If $\tan (\pi \cos \theta) =\cot (\pi \sin \theta) $ then find the value of $\cos\left (\theta -\frac{\pi}{4}\right)$ If $\tan (\pi \cos \theta) =\cot (\pi \sin \theta) $ then find the value of $\cos \left(\theta -\frac{\pi}{4}\right).$
I could not get any idea to solve.  However I tried by using $\theta =0^\circ $. But could not get the answer. 
 A: Rearrange into sines and cosines. Form a cosine addition identity.
\begin{align}
\tan(\pi\cos t)\tan(\pi\sin t) &= 1
\\
\sin(\pi\cos t)\sin(\pi\sin t) &= \cos(\pi\cos t)\cos(\pi\sin t)
\\
0 &= \cos(\pi\cos t)\cos(\pi\sin t) - \sin(\pi\cos t)\sin(\pi\sin t)
\\
0 &= \cos(\pi\cos t + \pi\sin t)
\\
0 &= \cos(\pi[\cos t + \sin t])
\end{align}
The argument of the cosine in the previous line must be an odd integer multiple of $\pi/2$, so we get
\begin{align}
\cos t + \sin t &= \frac{2n+1}{2} 
\end{align}
where $n\in\mathbb{Z}$ (EDIT: More accurately, $n \in \{-1,0\}$ to be in the range of $\cos t + \sin t$). Use the cosine subtraction formula to achieve the desired result.
\begin{align}
\frac{1}{\sqrt2}\cos t + \frac{1}{\sqrt2}\sin t &= \frac{2n+1}{2\sqrt{2}}
\\
\cos (t)\cos(\pi/4) + \sin (t)\sin(\pi/4) &= \frac{2n+1}{2\sqrt{2}}
\\
\\
\cos(t -\pi/4) &= \frac{2n+1}{2\sqrt{2}}
\end{align}
EDIT: Following lab bhattacharjee's comment, the range of cosine restricts the possible solutions to 
$$\cos(t -\pi/4) = \frac{\pm1}{2\sqrt{2}}.$$
It doesn't appear like the answer is unique to me. 
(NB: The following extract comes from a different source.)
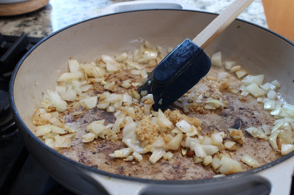 - Cook the diced onion in the Dutch oven for 5-7 mins. Add in the minced garlic and cook for 1-3 minutes or until fragrant.

A: Since $$\tan(\pi\cos\theta)=\cot(\pi\sin\theta),$$
we can write $$\tan(\pi\cos\theta)=\cot(90-(\pi\cos\theta)).$$
Thus  $$\cot(90-(\pi\cos\theta))=\cot(\pi\sin\theta)$$
$$\therefore\quad 90-(\pi\cos\theta)=\pi\sin\theta$$
$$90=\pi(\sin\theta+\cos\theta)$$
$$\frac{90}{\pi}=\sin\theta+\cos\theta$$
$$\frac{1}{2}=\sin\theta +\cos\theta$$
Now
\begin{align*}
\cos\left(\theta-\frac{\pi}{4}\right)&=\cos\theta \cos45^{\circ}+\sin\theta \sin45^{\circ}\\
&=\frac{\cos\theta}{\sqrt{2}}+\frac{\sin\theta}{\sqrt{2}}\\
&=\frac{\cos\theta +\sin\theta}{\sqrt{2}}
\end{align*}
Since $$\sin\theta + \cos\theta =\frac{1}{2},$$
$$\cos\left(\theta-\frac{\pi}{4}\right)=\frac{1}{2\sqrt{2}}.$$
A: Hint -
$\tan (\pi \cos \theta) =\cot (\pi \sin \theta)$
$\tan(\pi \cos \theta) =\tan (\frac{\pi}2 - \pi \sin \theta)$
$\pi \cos \theta =\frac{\pi}2 - \pi \sin \theta$
$\cos \theta = \frac 12 - \sin \theta$
$\sin \theta + \cos \theta = \frac 12$
Now we have,
$\cos\left(\theta-\frac{\pi}{4}\right)$
$= \cos\theta \cos \frac{\pi}4 +\sin\theta \sin \frac{\pi}4$
$= \cos\theta \frac 1{\sqrt{2}} + \sin\theta \frac 1{\sqrt{2}}$
$= \frac1{\sqrt 2} \left( \cos\theta +\sin\theta \right)$
$ = \frac 1{\sqrt2} \left(\frac 12\right)$
$= \frac 1{2\sqrt2}$
A: $$\begin{align}
\tan (\pi \cos \theta) &= \cot (\pi \sin \theta) \\
\implies \frac{\sin(\pi \cos \theta)}{\cos(\pi \cos \theta)} &= \frac{\cos(\pi \sin \theta)}{\sin(\pi \sin \theta)} \\
\implies \sin(\pi \cos \theta)\sin(\pi \sin \theta) &= \cos(\pi \sin \theta)\cos(\pi \cos \theta) \\
\end{align}$$
and then
$$\begin{align}
0 &= \cos(\pi \sin \theta)\cos(\pi \cos \theta) - \sin(\pi \cos \theta)\sin(\pi \sin \theta) \\
&= \cos(\pi\sin\theta + \pi\cos\theta) \\
&= \cos(\pi(\sin\theta + \cos\theta)) \\
\implies \frac{\pi}{2} &= \pi(\sin\theta + \cos\theta) \\
\implies \frac{1}{2} &= \sin\theta + \cos\theta \\
\end{align}$$
Now we use the fact that $\sin \pi/4 = \cos \pi/4 = \frac{1}{\sqrt{2}}$.
$$\begin{align}
\sin\theta + \cos\theta &= \sqrt{2}\bigg(\frac{1}{\sqrt{2}}\sin\theta + \frac{1}{\sqrt{2}}\cos\theta\bigg) \\
&= \sqrt{2}(\sin\theta\cos \pi/4 + \cos\theta\sin \pi/4) \\
&= \sqrt{2}\sin(\theta + \pi/4) \\
&= \frac{1}{2}
\end{align}$$
Finally, $\cos(\theta - \pi/4) = \sin(\theta + \pi/4) = \frac{1}{2\sqrt{2}}$.